Alman basını Venezuela’daki iktidar mücadelesi ve ABD Başkanı Donald Trump’ın bütçe anlaşmazlığında geri adım atmasını yorumluyor.Süddeutsche Zeitung Avrupa ülkeleri liderlerinin Venezuela'daki gelişmelere gösterdikleri tepkiye şu satırları ayırıyor:
"Müstehzi bir ifadeyle otokrat Nicolas Maduro'nun Avrupa Birliği'ne (AB) yeni bir nefes verdiği söylenebilir. Fransa, İspanya, Britanya ve Almanya kısa tereddüdün ardından Güney Amerika ülkesindeki iktidar mücadelesinde renklerini belli ettiler.
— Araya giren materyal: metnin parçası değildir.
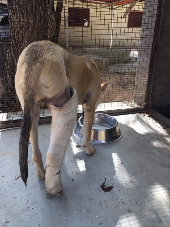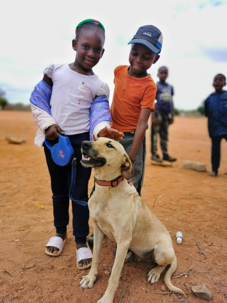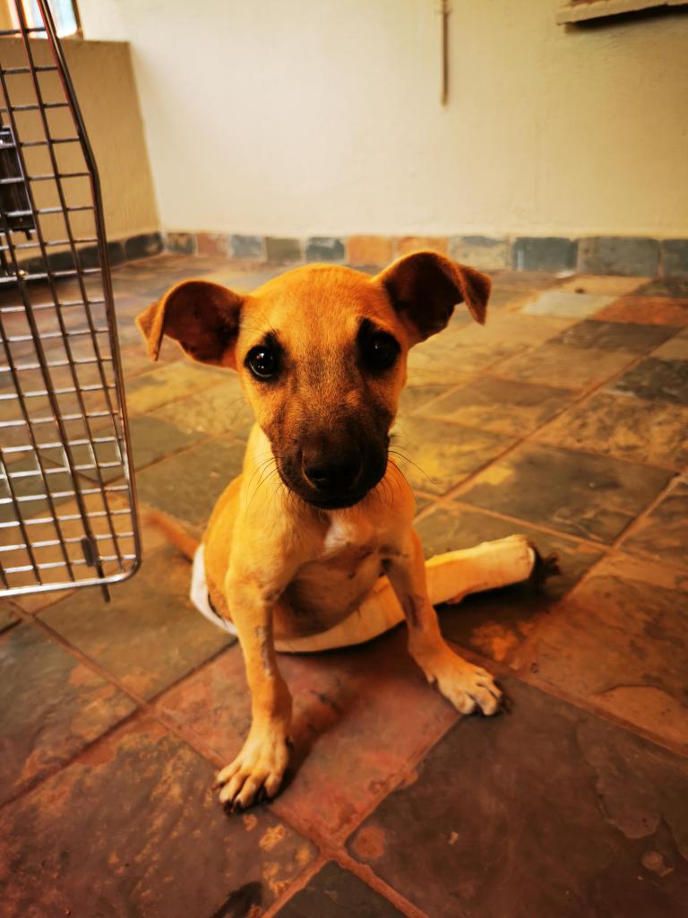 Intussen zijn de 4 honden die we meenamen van de outreach weg bij de dierenartsenpraktijk. Bushy werd al teruggebracht naar haar eigenaar. Haar foetus werd verwijderd en ze is weer helemaal gezond. Tau en Bruno (die we ook wel Dobby noemen vanwege de gelijkenis), blijven hier minstens 6 weken, zitten met hun poot in het gips en moeten strikte kooirust houden. Dit wil zeggen dat ze allebei in een relatief klein hok moeten blijven en absoluut niet mogen springen, spelen, rennen… Heel moeilijk voor 2 jonge enthousiaste hondjes. Als we hen er uit laten voor hun eten en medicatie en een plaspauze, mogen we hen gelukkig wel knuffelen, al gebeurt dat best zittend, zodat ze niet de neiging hebben om tegen je aan te springen.

AB ülkeleri ABD Başkanı Donald Trump'ın aksine taraf tutmayıp Venezuela'da erken seçime gidilmesini talep ettiler. Kendini demokrasinin öncüsü sayan Avrupa için seçimlerin yenilenmesi vazgeçilmezdir. Ancak Avrupalılar sadece bununla yetinmemeliler. Aksi takdirde talepleri ucuz bir jestten ibaret kalır. Avrupa arabuluculuk girişiminde bulunamaz mı? Seçim talebiyle birlikte işbirliği de teklif edilemez mi? Taahhüt altına girmeden bir şey elde edilemez."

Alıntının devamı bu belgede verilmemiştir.